Des supercalculateurs parmi les plus puissants au monde

Les machines développées par Bull figurent parmi les plus performantes existantes. Certaines atteignent le niveau dit « exascale », capable de réaliser jusqu’à 10¹⁸ opérations par seconde, soit un milliard de milliards de calculs en une seconde.

À titre de comparaison, une telle puissance dépasse largement celle de millions d’ordinateurs classiques réunis. Aujourd’hui, seuls quelques pays disposent de ces technologies, notamment les États-Unis, la Chine et certains pays européens.

Bull a déjà contribué à la mise en service du supercalculateur européen Jupiter, classé parmi les plus puissants au monde. En parallèle, un nouveau système baptisé « Alice Recoque » est en cours de construction en France et devrait entrer en service entre 2026 et 2027.

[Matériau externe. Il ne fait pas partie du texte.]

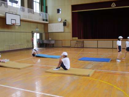 4年生は、マット運動をしています。前転と開脚前転、後転と意欲的に取り組んでいます。

Chiffres clés de l'entreprise Bull en 2025
Chiffres clés de l’entreprise Bull en 2025

Des applications au cœur de la défense et de la recherche

Les supercalculateurs jouent un rôle central dans des domaines sensibles. Ils sont notamment utilisés pour simuler des essais nucléaires, une fonction essentielle pour la dissuasion française sans recourir à des tests réels.

Au-delà du secteur militaire, ces machines permettent d’importantes avancées scientifiques. Elles servent à modéliser le climat, à étudier des phénomènes complexes ou encore à développer des systèmes d’intelligence artificielle.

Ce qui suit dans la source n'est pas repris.